Honeywell has agreed to acquire the Catalyst Technologies operations of U.K.-based Johnson Matthey plc. That business makes chemicals that manufacturers use to make aviation fuel, fertilizers and paints.
On May 22, 2019, apparel maker VF Corp. spun off its Lee and Wrangler jeans business as the publicly traded Kontoor Brands. Investors received one share in Kontoor for every seven VF shares they held.

VF shares are down 80% since the split, due to tariffs on imports from China and Vietnam. However, the stock has rebounded from its recent low as its plan to cut costs and sell less-important brands is set to drive earnings higher over the next few years.

While Kontoor has gained nearly 70%, we feel it can still go higher as it streamlines its supply chains. It will also benefit from its recent acquisition of the Helly Hansen sportswear brand.
IAC INC. $38 is hold. The company (Nasdaq symbol IAC; Consumer sector; Shares outstanding: 76.9 million; Market cap: $2.9 billion; No dividend paid; Takeover Target Rating: Lowest; www.iac.com) has a long history of acquiring smaller Internet-based businesses and spinning them off when they reach a certain size.

However, instead of a spinoff, IAC has now agreed to sell its Care.com business to private equity firm Pacific Avenue Capital Partners. Care.com operates an online portal that helps connect families with professional caregivers for their children, elderly parents and pets. The company paid $626.9 million for this business in February 2020. It will receive $320 million when it completes the sale in mid-2026.
Due to their relatively small size and narrow focus, spinoffs often receive attractive takeover offers. That’s the case with NCR Atleos, which jumped after it agreed to merge with armoured car provider Brink’s Co. Qnity, a recent spinoff from DuPont, will likely attract its own takeover bid. For now, we see both stocks as quality holds.
LAMB WESTON HOLDINGS INC. $41 is still a buy. The company (New York symbol LW; Consumer sector; Shares outstanding: 138.9 million; Market cap: $5.7 billion; Dividend yield: 3.7%; Takeover Target Rating: Highest; www.lambweston.com) is a leading producer of frozen french fries, potatoes and other packaged vegetables.

In June 2025, Lamb Weston struck a new deal with activist investment firm Jana Partners, which owns about 7% of the company. As a result, it added four of Jana’s representatives to its board of directors.

Under the agreement with Jana, Lamb Weston recently announced a new restructuring plan, including focusing on its more-profitable products and on cutting costs. The plan should trim Lamb Weston’s annual costs by $250 million starting in 2028.
Activist investors tend to target firms with quality assets that they feel are worth more than their current market value. Here are two recent examples, but we see better opportunities elsewhere for your new buying.
On August 3, 2021, the old L Brands holding company (then New York symbol LB) split into two, separately listed businesses: Victoria’s Secret and Bath & Body Works.
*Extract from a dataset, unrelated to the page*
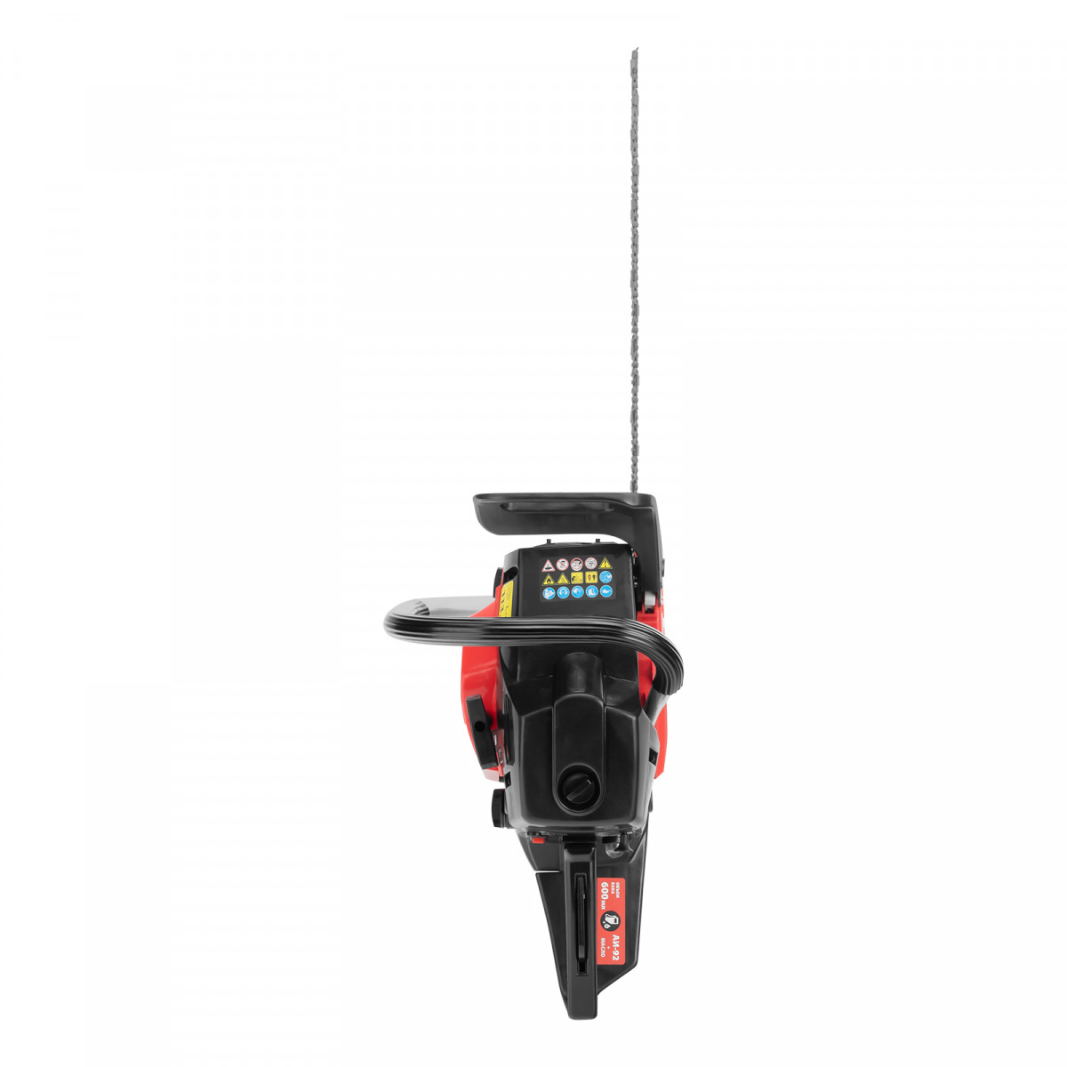 • Безопасная эксплуатация — функция блокировки газа предотвращает случайный запуск, тормоз цепи снижает риск травмирования при отскоке пилы.

Investors received one new share of Victoria’s Secret for every three shares of L Brands they held. L Brands then changed its name to Bath & Body Works.

Both stocks have struggled since the split, partly due to the added tariffs on products imported from China and other countries. The two firms are now cutting costs and re-focusing on their main brands, which enhances their long-term prospects. Still, we continue to prefer Bath & Body Works for its solid dividend.
WARNER BROS. DISCOVERY INC. $27 remains a hold. The company (Nasdaq symbol WBD; Consumer sector; Shares outstanding: 2.5 billion; Market cap: $67.5 billion; No dividend paid; Takeover Target Rating: Highest; www.wbd.com) announced in June 2025 that it would split into two new firms—Global Networks will hold its cable channels (including CNN, HBO, TNT, TBS, Cartoon Network, Discovery, HGTV, Food Network, TLC and Animal Planet) while Streaming & Studios will own the Warner Bros. entertainment production studios and the various streaming services.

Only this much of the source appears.